Yes, it's an example of domain-specific thinking. "The tool helps me write code, and my job is hard so I believe this tool is a genius!"
The Roomba vacuumed the room. Maybe it vacuumed the whole apartment. This is good and useful. Let us not diminish the value of the tool. But it's a tool.
The tool may have other features, such as being self-documenting/self-announcing. Maybe it will frighten the cats less. This is also good and useful. But it's a tool.
Humans are credulous. A tool is not a human. Meaningful thinking and ideation is not just "a series of steps" that I will declaim as I go merrily thinking. There is not just a vast training set ("Reality"), but also our complex adaptability that enables us to test our hypotheses.

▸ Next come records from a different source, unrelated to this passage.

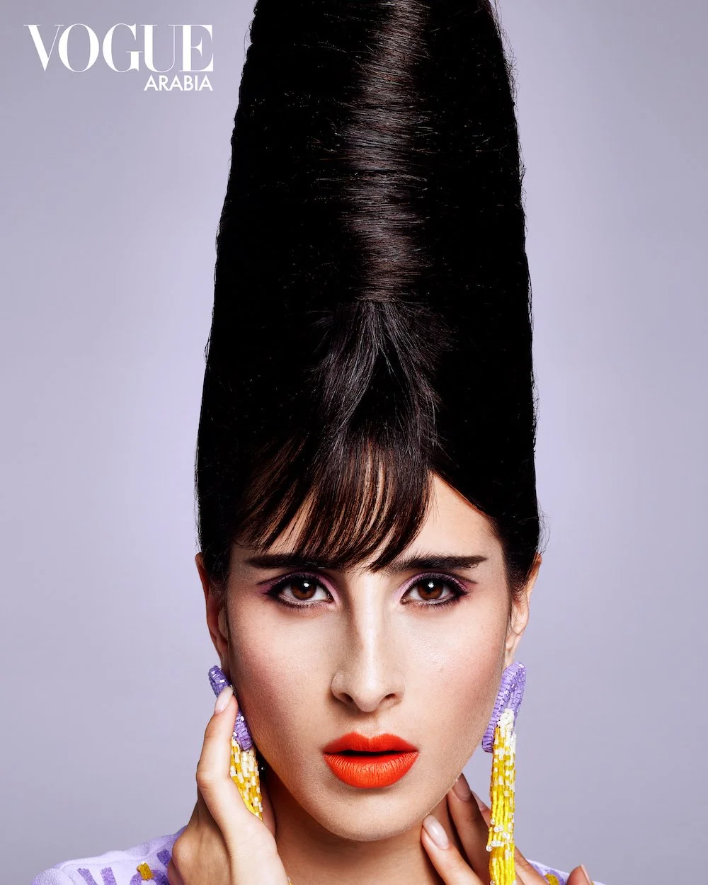 /We return to another set of interior images — different poses, same clothes — for Vogue Arabia's June 2023 Lavender Saudi Issue: 10 Covers, 10 Top Models, 10 Saudi Designers Covers.
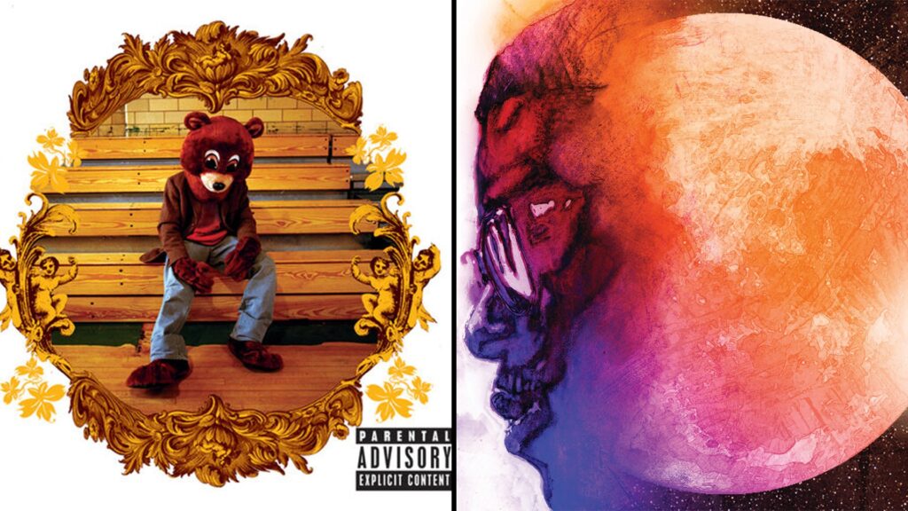 Montagem das capas dos albuns ‘The College Dropout’ de Kanye West e ‘Man On The Moon The End Of Day’ de Kid Cudi
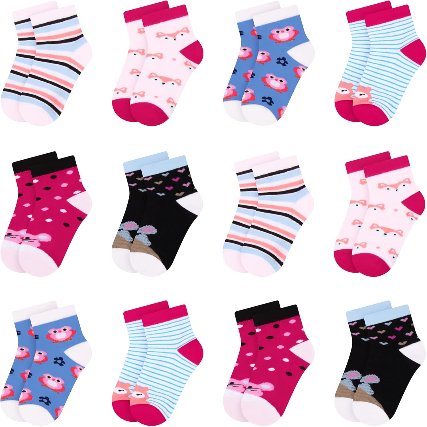 Libella 12 paia di calzini da ginnastica per bambini (1-12 anni), a pois e strisce colorati
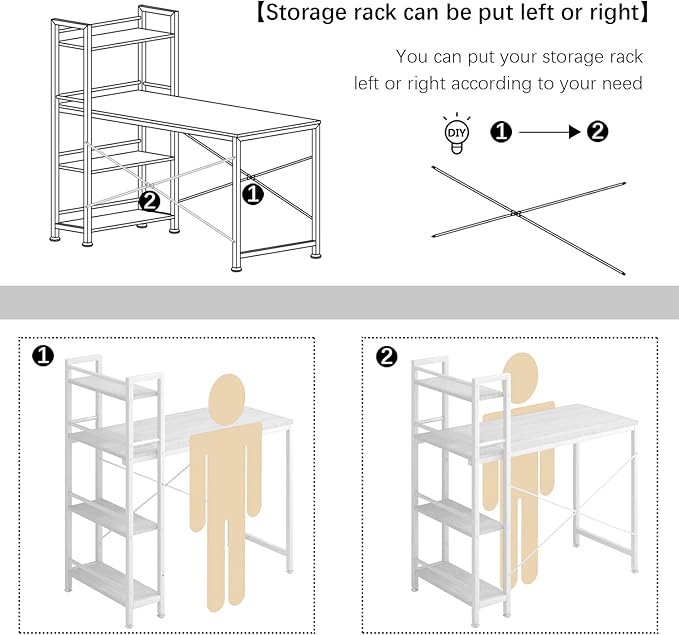 4NM 35" Small Computer Desk with 4-Tier Bookshelf, Home Office Desk Writing Workstation Study Table Multipurpose for Small Space Work - All White
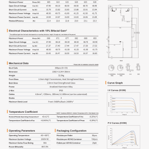 Độ bền cơ học: Cấu trúc Bifacial Double Glass (hai mặt kính) giúp tấm pin chịu được tải trọng gió lên đến 2400Pa và tải trọng tuyết 5400Pa, bảo vệ các cell pin bên trong khỏi các vết nứt vi mô.
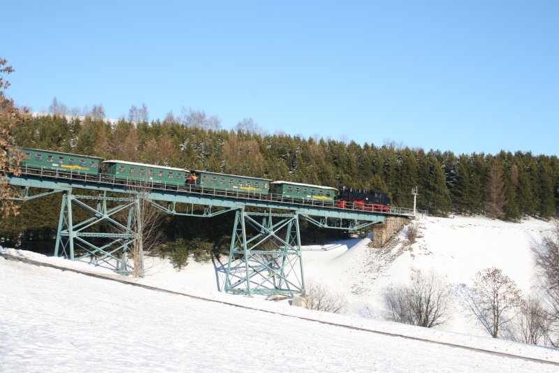 99 794 verlässt mit ihrem Personenzug an einem herrlichen Wintertag den Bahnhof Oberwiesentahl.30.12.08. (zum Bild)
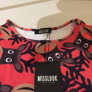 Misslook Ladies Holiday Christmas Reindeer theme tunic long sleeve longer length top Size XL. New with tags. 95% polyester and 5% elastane. Machine washable. Made in U.K. Great to wear with leggings. Flat lay measurements: pit to pit 20" and length of back from neck to bottom hem 33".
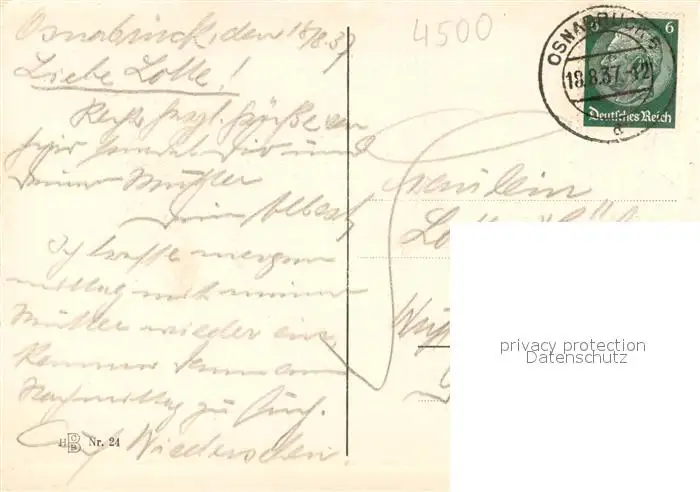 Osnabrueck Gesamtansicht Stadtpanorama Osnabrueck postalisch gelaufen 1937 Erhaltung siehe scans [FriedD77] Frierer

We should consider what it is in human ideation that leads people to claim that a Roomba, a chess programme, Weizenbaum's Eliza script, the IBM's Jeopardy system Watson, or an LLM trained on human-vetted data is thinking.

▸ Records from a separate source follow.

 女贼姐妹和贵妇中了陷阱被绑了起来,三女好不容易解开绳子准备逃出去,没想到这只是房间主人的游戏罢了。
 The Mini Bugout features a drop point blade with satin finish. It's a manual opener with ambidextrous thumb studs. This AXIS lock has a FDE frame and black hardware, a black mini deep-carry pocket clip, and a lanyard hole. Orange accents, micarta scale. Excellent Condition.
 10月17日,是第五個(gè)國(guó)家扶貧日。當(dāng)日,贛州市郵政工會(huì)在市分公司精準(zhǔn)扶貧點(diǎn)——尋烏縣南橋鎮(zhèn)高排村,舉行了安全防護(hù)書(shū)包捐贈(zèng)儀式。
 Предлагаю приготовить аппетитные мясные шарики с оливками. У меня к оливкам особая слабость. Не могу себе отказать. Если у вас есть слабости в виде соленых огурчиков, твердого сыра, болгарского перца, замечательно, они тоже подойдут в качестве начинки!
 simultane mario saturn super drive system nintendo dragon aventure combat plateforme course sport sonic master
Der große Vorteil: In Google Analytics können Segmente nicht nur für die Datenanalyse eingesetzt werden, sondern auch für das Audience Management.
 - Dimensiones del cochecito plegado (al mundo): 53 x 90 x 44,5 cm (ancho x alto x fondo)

Train such a system on the erroneous statements of a madman and suddenly the Roomba, Eliza, IBM Watson (and these other systems) lose our confidence.
As it is today, the confidence we have in these systems is very conditional. It doesn't matter terribly if code is wrong... until it does.
Computers are not humans. Computers can do things that humans cannot do. Computers can do these things fast and consistently. But fundamentally, algorithms are tools.